(Paris) « J’aime beaucoup le chaos, le brouillon, et j’ai aussi un rapport très fort avec la mémoire et le passé », confie à l’AFP le chorégraphe français Boris Charmatz, invité « complice » du prochain Festival d’Avignon lors duquel il expérimentera une danse géante en cercles.

À la tête du Tanztheater Pina Bausch à Wuppertal, en Allemagne, depuis bientôt deux ans, il est attendu pour cette 78e édition, du 29 juin au 21 juillet à Avignon, d’une des plus importantes manifestations de théâtre et spectacle vivant au monde, organisée dans le sud-est de la France.

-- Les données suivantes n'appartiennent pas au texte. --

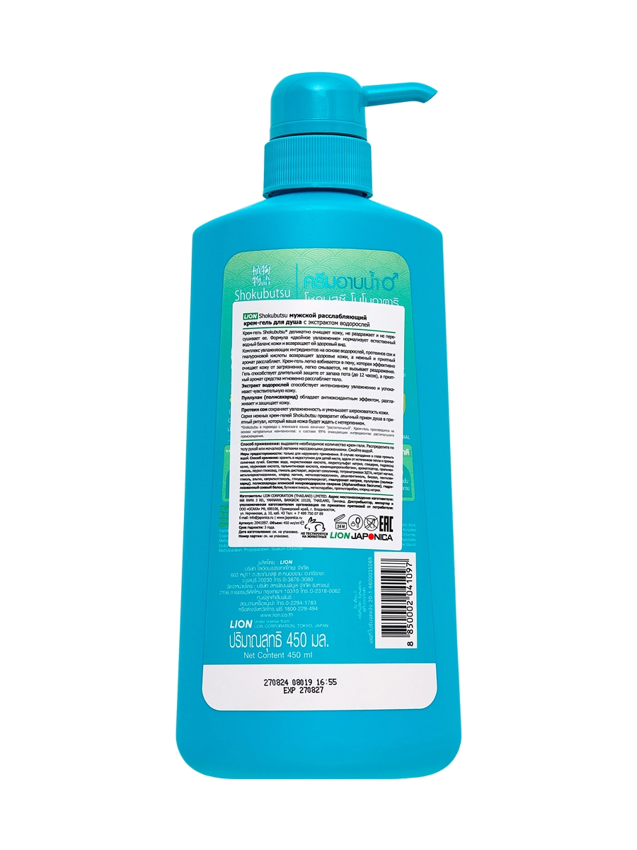 LION Shokubutsu Мужской расслабляющий крем-гель для душа с экстрактом водорослей, 450 мл

Il y dévoilera pas moins de trois projets et sera présent du premier au dernier jour. Il y aura d’abord cet objet dansant non identifié, Cercles, un atelier XXL à ciel ouvert de transmission de danses en cercles avec 200 personnes professionnelles et amatrices, destiné à devenir une « future pièce ».

« Une des formes les plus archaïques », mais aussi « modernes, de danser, c’est de se mettre ensemble en cercle », explique l’artiste, dont les projets aiment « questionner la notion d’assemblée : comment est-ce qu’on se met ensemble ? Comment on débat ? ».  

Pour lui, « dans ce moment de grandes angoisses – angoisse de guerre, climatique, économique, sociale – on a besoin de faire naître de l’énergie ensemble ».

Boris Charmatz présentera par ailleurs Liberté cathédrale, première création menée conjointement avec le Tanztheater et des danseurs de son association française Terrain, actuellement au théâtre du Châtelet, dans le centre de Paris, jusqu’au 18 avril.  

Ce spectacle – interprété par le passé dans une église ou une usine – sera cette fois dansé en plein air, sur l’herbe d’un terrain de football. Acoustique, éclairage, place des spectateurs, tout sera « repensé », dit-il.  

« Fantômes »

« J’aime que mes spectacles migrent », détaille celui qui fait profession d’investir « l’espace public », d’« être dans les paysages », que ce soit à Avignon ou au sein de « paysages marqués par le charbon, l’acier, le textile, les crises ».

Passé par l’école de danse de l’Opéra de Paris, puis par le Conservatoire de Lyon, Boris Charmatz a fait ses débuts avec la danseuse et chorégraphe Régine Chopinot, figure historique de la Nouvelle danse française des années 80.  

Lui qui a, entre autres, été interprète pour la danseuse et chorégraphe belge Anne Teresa De Keersmaeker, figure majeure de la danse contemporaine, a aujourd’hui 51 ans. Soit exactement le même âge que la troupe du Tanztheater, « qui tourne », mais comprend en permanence une trentaine de danseurs.

Son style ? « J’aime beaucoup le chaos, le brouillon, l’improvisation, mais j’aime que ça soit en rapport avec l’histoire, la mémoire, le passé », décrit-il.  

« Quand j’ai commencé la danse, on me disait : “Si tu danses pour d’autres, tu ne vas pas faire ton propre travail”. Au contraire, c’est dans le dialogue avec d’autres écritures que j’ai pu inventer ma manière », déroule-t-il. « J’ai compris que les sensations passées, les fantômes, pouvaient être de vrais partenaires de jeux pour inventer ».

Forever, le troisième de ses projets proposés à Avignon, se veut d’ailleurs une immersion de sept heures dans Café Müller (1978), ballet culte de la chorégraphe allemande Pina Bausch, où, dans un désordre de chaises et de tables, les corps « se cherchent, se trouvent et ne se trouvent pas ».  

Pas de fantômes cette fois : seront invités sur le plateau quelques-uns des danseurs légendaires (temporairement plus à la retraite) de Pina Bausch, tels Nazareth Panadero, Helena Pikon, ou Jean-Laurent Sasportes.